Set directory to the place where data exist

In [76]:
os.chdir(PATH)

##### Fix random seed for reproducibility

In [77]:
import numpy
numpy.random.seed(123)

##### Load this dataset using the Pandas library. 


    Given that each observation is separated by the same interval of one month. 

        Exclude the first column.

    The downloaded dataset has footer information. 

        That can be exclude with the skipfooter argument to pandas.read_csv() set to 3 for the 3 footer lines.

In [78]:
dataframe = read_csv('international-airline-passengers.csv', usecols=[1], engine='python', skipfooter=3)

In [79]:
print (dataframe.head())

   International airline passengers: monthly totals in thousands. Jan 49 ? Dec 60
0                                                112                             
1                                                118                             
2                                                132                             
3                                                129                             
4                                                121                             


##### Extract the NumPy array from the dataframe and convert the integer values to floating point values.

In [80]:
dataset = dataframe.values
dataset = dataset.astype('float32')

##### Plot the dataset

In [81]:
plt.plot(dataset)
plt.show()

##### Split the data into train and test

    Note: With time series data, the sequence is important. So split the ordered dataset into train and test.


In [82]:
train_size = int(len(dataset) * 0.67)
test_size = len(dataset) - train_size

train, test = dataset[0:train_size,:], dataset[train_size:len(dataset),:]
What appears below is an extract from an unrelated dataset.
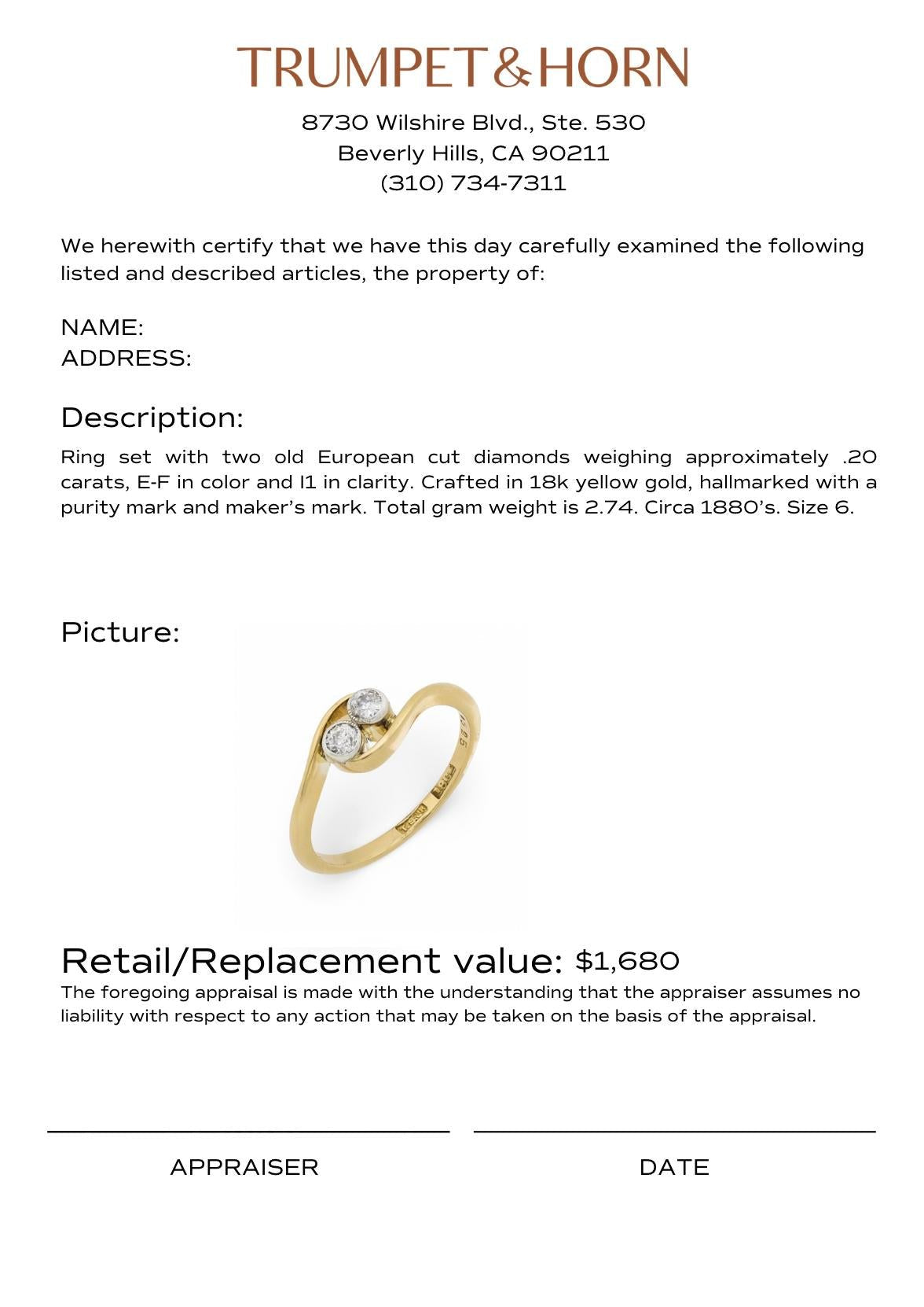 Victorian .20 carat old European cut diamond 18k yellow gold two stone ring

print(len(train), len(test))

96 48


##### Normalize the Data

    Normalize the dataset using the MinMaxScaler preprocessing class from the scikit-learn library.

In [83]:
scaler = MinMaxScaler(feature_range=(0, 1)).fit(train)

train_Scal = scaler.transform(train)

test_Scal = scaler.transform(test)

In [84]:
print (train_Scal[:10])

[[0.02588999]
 [0.04530746]
 [0.09061491]
 [0.08090615]
 [0.05501619]
 [0.10032365]
 [0.14239484]
 [0.14239484]
 [0.10355988]
 [0.04854369]]


## Multilayer Perceptron Regression

##### Phrase the time series prediction problem as a regression problem.  
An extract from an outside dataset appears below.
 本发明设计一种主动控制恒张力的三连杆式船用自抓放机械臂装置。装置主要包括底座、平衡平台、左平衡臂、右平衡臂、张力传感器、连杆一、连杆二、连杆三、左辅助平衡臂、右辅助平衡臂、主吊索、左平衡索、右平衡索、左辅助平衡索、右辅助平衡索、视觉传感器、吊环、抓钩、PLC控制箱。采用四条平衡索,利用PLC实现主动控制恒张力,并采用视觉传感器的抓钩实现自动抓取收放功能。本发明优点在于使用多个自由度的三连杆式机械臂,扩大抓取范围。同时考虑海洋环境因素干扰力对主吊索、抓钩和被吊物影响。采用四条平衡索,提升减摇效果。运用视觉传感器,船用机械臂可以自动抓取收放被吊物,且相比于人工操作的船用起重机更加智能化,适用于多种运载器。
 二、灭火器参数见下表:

    I.e. given the number of passengers this month, what will be the number of passengers next month.

##### Write a function to convert single column of data into a two-column dataset. 
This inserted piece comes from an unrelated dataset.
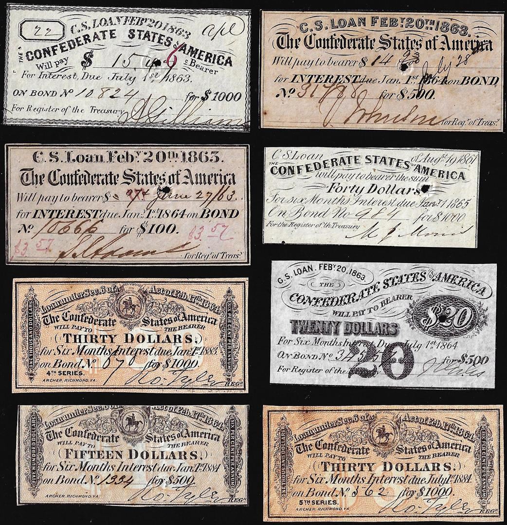 Lot of (8) Assorted 1861-1864 Confederate States of America Bond Coupons

    The first column containing this month’s (t-1) passenger count and the second column containing next month’s (t) passenger count, to be predicted.

The function takes two arguments

    The dataset, which is a NumPy array and 
    The look_back, which is the number of previous time steps to use as input variables to predict the next time period (defaulted is 1)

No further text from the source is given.